ウェブサイトで接種場所やその空き状況を検索できるようにし、ウェブが使えない方のためには、相談員を各区役所で大幅に増員します。さらにコールセンターのブースも280から560に増やします。集団接種も行いますが、今後は個別接種を中心とし、その体制強化を進めます」
――横浜市大などと連携し、市内で発生したコロナのゲノム(遺伝情報)解析に力を入れる考えを示されました。
「はい。これにより、新たな変異株の発生動向を監視する体制を強化したいと考えています」
――どのような効果が期待できるのですか。
「全ゲノム解析を行うことによって、市域におけるウイルスの変異状況をいち早く捕らえることができ、感染拡大や重症化の防止に役立つ可能性があります。重症化を防げればコロナは通常医療で対応できます」
事業継続・雇用維持 支援
――コロナ感染拡大により、大きなダメージを受けた市内経済を回復させるための取組を教えてください。

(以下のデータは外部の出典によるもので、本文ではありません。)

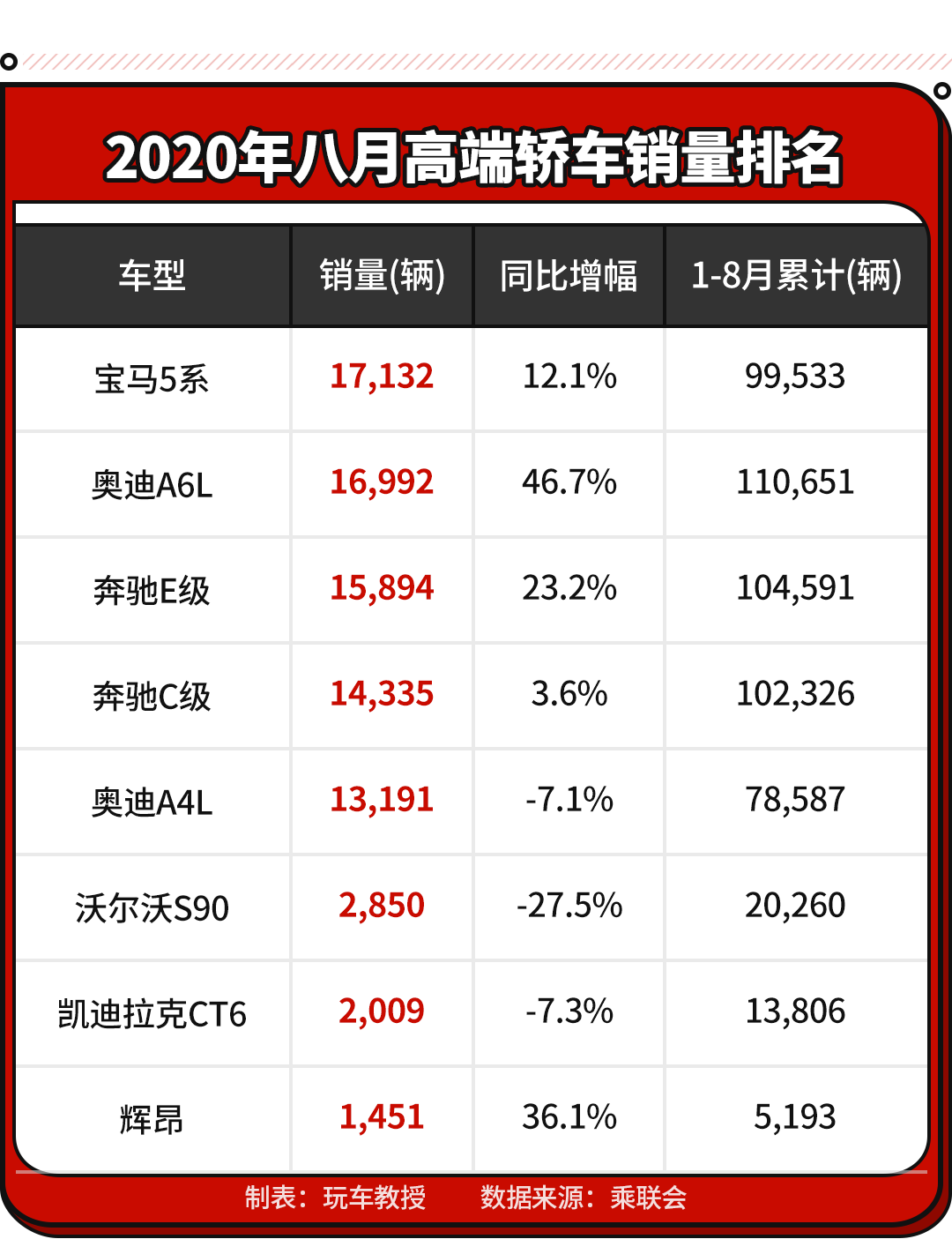 在高端轿车领域,BBA三员大将依旧傲视群雄,宝马5系、奥迪A6L、奔驰E级依旧称霸前三,随后就是奔驰C级、奥迪A4L。整个销量榜的排行跟上个月相比基本一致,A4L以下的豪华品牌车辆,基本每个月只有3000辆以下的表现。整体来看,高端轿车的增长速度放缓,就连上个月同比增长71.5%的奥迪A6L,在8月份也只有46.7%。

「緊急事態宣言や時短要請、イベント開催制限も解除され、まちには徐々に賑わいが戻りつつあります。基本的な感染症対策を徹底していただきながら、市としても、コロナ禍で厳しい状況にある事業者の皆様の事業継続と、雇用維持に向けた支援に全力で取り組みます」
――具体策は。
「厳しい経営状況にある飲食店の皆様を支援するため、利用金額に応じてポイント還元を受けることができる「レシ活チャレンジ」(レシートを活用した市内飲食店利用促進事業)を実施しています。市内の観光事業者の支援につなげるための「Find Your YOKOHAMA」キャンペーンは、多くの皆様にご利用いただいています。また、「新しい生活様式」に対応したMICE開催を支援する「安全・安心な横浜MICE開催支援助成金」も実施しています。市民の皆様の命と暮らしを守りながら、横浜経済を回復する。そして、横浜を将来にわたり、持続的に発展させていく。その強い決意のもと、必要な対策を講じていきます」
「全員喫食」を目指して
――市立中学給食を現在の「選択制」から「全員喫食」を目指しているのはなぜですか。
「成長期の中学生に必要な栄養バランスの整った給食を提供することは、市の責務だと考えています。学校給食法上の趣旨を踏まえつつ、生徒の成長を支えるため、そして、子どもたちの将来の食生活を豊かにするためにも、栄養バランスのとれた給食をより多くの生徒に届けたいと考えています」
――横浜市の生徒数は日本最大です。土地や財源を含め、供給体制をどう確保しますか。
「現状では生徒・教職員含め8万3千人分の給食を製造するための供給体制が確保できていないことが課題です。市長就任後、いくつかの学校を視察して、生徒とも直接意見交換させていただきました。まずは、現場の皆様との対話などを通じて現状を把握し、課題を整理して進めていきます」
横浜の活力創出を
――そのほか、2022年の主な取組みを教えてください。
「誰もが自分らしさを発揮し、いきいきと安心して暮らせるまちの実現に向けて、子育て、教育、医療、介護や福祉分野の政策を充実させていきます。また、デジタル化を推進し、市民サービスの向上、働きやすい環境づくりにつなげます。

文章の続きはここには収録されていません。